*Assignment*:
The full listing is to be written out again, unchanged.

*Records provided*:
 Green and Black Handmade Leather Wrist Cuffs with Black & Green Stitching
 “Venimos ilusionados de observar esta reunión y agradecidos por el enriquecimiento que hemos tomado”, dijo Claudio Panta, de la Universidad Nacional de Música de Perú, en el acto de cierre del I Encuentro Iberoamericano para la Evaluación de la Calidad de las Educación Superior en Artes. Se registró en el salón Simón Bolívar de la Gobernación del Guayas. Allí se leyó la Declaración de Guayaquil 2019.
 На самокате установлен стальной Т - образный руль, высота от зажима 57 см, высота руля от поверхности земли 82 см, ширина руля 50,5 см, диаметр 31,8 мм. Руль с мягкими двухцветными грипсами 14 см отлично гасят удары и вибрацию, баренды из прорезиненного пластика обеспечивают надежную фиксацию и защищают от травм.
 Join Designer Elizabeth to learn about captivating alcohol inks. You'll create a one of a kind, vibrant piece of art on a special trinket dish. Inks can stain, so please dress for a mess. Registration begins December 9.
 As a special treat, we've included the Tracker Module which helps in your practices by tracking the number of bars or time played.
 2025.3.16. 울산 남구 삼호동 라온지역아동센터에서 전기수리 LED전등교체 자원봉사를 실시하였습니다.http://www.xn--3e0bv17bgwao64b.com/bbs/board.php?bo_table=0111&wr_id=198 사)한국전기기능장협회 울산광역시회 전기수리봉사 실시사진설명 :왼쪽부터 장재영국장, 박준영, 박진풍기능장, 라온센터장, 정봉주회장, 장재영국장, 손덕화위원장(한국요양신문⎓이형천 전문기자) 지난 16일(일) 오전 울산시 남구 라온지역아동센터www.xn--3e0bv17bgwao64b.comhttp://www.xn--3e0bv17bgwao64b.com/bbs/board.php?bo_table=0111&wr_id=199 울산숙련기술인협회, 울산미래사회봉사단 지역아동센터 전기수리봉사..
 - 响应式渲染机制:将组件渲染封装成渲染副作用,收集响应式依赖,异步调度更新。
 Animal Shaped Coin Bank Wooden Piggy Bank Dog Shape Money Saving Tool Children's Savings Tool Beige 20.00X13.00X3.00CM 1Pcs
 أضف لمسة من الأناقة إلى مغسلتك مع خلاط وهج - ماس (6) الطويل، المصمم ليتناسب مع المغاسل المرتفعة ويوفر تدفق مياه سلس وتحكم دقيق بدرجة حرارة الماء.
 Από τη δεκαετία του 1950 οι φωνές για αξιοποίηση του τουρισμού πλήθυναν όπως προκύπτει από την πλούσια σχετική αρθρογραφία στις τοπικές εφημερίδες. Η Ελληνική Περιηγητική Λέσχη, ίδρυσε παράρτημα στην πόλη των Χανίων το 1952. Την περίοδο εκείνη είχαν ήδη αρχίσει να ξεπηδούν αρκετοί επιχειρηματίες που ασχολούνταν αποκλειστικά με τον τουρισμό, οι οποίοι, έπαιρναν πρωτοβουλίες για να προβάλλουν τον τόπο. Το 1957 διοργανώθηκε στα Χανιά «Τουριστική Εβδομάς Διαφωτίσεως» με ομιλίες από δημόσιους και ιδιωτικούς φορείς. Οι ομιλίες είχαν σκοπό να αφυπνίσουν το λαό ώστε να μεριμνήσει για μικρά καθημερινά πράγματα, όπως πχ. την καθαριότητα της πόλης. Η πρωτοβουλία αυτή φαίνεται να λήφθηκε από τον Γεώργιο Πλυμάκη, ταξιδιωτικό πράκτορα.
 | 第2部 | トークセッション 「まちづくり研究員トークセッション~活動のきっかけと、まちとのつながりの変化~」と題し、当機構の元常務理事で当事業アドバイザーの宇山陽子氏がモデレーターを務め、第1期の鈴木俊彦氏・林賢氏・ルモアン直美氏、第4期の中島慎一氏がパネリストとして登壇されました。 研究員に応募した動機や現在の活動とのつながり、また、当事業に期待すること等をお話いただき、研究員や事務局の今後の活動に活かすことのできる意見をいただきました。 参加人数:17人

*Response*:
 Green and Black Handmade Leather Wrist Cuffs with Black & Green Stitching
 “Venimos ilusionados de observar esta reunión y agradecidos por el enriquecimiento que hemos tomado”, dijo Claudio Panta, de la Universidad Nacional de Música de Perú, en el acto de cierre del I Encuentro Iberoamericano para la Evaluación de la Calidad de las Educación Superior en Artes. Se registró en el salón Simón Bolívar de la Gobernación del Guayas. Allí se leyó la Declaración de Guayaquil 2019.
 На самокате установлен стальной Т - образный руль, высота от зажима 57 см, высота руля от поверхности земли 82 см, ширина руля 50,5 см, диаметр 31,8 мм. Руль с мягкими двухцветными грипсами 14 см отлично гасят удары и вибрацию, баренды из прорезиненного пластика обеспечивают надежную фиксацию и защищают от травм.
 Join Designer Elizabeth to learn about captivating alcohol inks. You'll create a one of a kind, vibrant piece of art on a special trinket dish. Inks can stain, so please dress for a mess. Registration begins December 9.
 As a special treat, we've included the Tracker Module which helps in your practices by tracking the number of bars or time played.
 2025.3.16. 울산 남구 삼호동 라온지역아동센터에서 전기수리 LED전등교체 자원봉사를 실시하였습니다.http://www.xn--3e0bv17bgwao64b.com/bbs/board.php?bo_table=0111&wr_id=198 사)한국전기기능장협회 울산광역시회 전기수리봉사 실시사진설명 :왼쪽부터 장재영국장, 박준영, 박진풍기능장, 라온센터장, 정봉주회장, 장재영국장, 손덕화위원장(한국요양신문⎓이형천 전문기자) 지난 16일(일) 오전 울산시 남구 라온지역아동센터www.xn--3e0bv17bgwao64b.comhttp://www.xn--3e0bv17bgwao64b.com/bbs/board.php?bo_table=0111&wr_id=199 울산숙련기술인협회, 울산미래사회봉사단 지역아동센터 전기수리봉사..
 - 响应式渲染机制:将组件渲染封装成渲染副作用,收集响应式依赖,异步调度更新。
 Animal Shaped Coin Bank Wooden Piggy Bank Dog Shape Money Saving Tool Children's Savings Tool Beige 20.00X13.00X3.00CM 1Pcs
 أضف لمسة من الأناقة إلى مغسلتك مع خلاط وهج - ماس (6) الطويل، المصمم ليتناسب مع المغاسل المرتفعة ويوفر تدفق مياه سلس وتحكم دقيق بدرجة حرارة الماء.
 Από τη δεκαετία του 1950 οι φωνές για αξιοποίηση του τουρισμού πλήθυναν όπως προκύπτει από την πλούσια σχετική αρθρογραφία στις τοπικές εφημερίδες. Η Ελληνική Περιηγητική Λέσχη, ίδρυσε παράρτημα στην πόλη των Χανίων το 1952. Την περίοδο εκείνη είχαν ήδη αρχίσει να ξεπηδούν αρκετοί επιχειρηματίες που ασχολούνταν αποκλειστικά με τον τουρισμό, οι οποίοι, έπαιρναν πρωτοβουλίες για να προβάλλουν τον τόπο. Το 1957 διοργανώθηκε στα Χανιά «Τουριστική Εβδομάς Διαφωτίσεως» με ομιλίες από δημόσιους και ιδιωτικούς φορείς. Οι ομιλίες είχαν σκοπό να αφυπνίσουν το λαό ώστε να μεριμνήσει για μικρά καθημερινά πράγματα, όπως πχ. την καθαριότητα της πόλης. Η πρωτοβουλία αυτή φαίνεται να λήφθηκε από τον Γεώργιο Πλυμάκη, ταξιδιωτικό πράκτορα.
 | 第2部 | トークセッション 「まちづくり研究員トークセッション~活動のきっかけと、まちとのつながりの変化~」と題し、当機構の元常務理事で当事業アドバイザーの宇山陽子氏がモデレーターを務め、第1期の鈴木俊彦氏・林賢氏・ルモアン直美氏、第4期の中島慎一氏がパネリストとして登壇されました。 研究員に応募した動機や現在の活動とのつながり、また、当事業に期待すること等をお話いただき、研究員や事務局の今後の活動に活かすことのできる意見をいただきました。 参加人数:17人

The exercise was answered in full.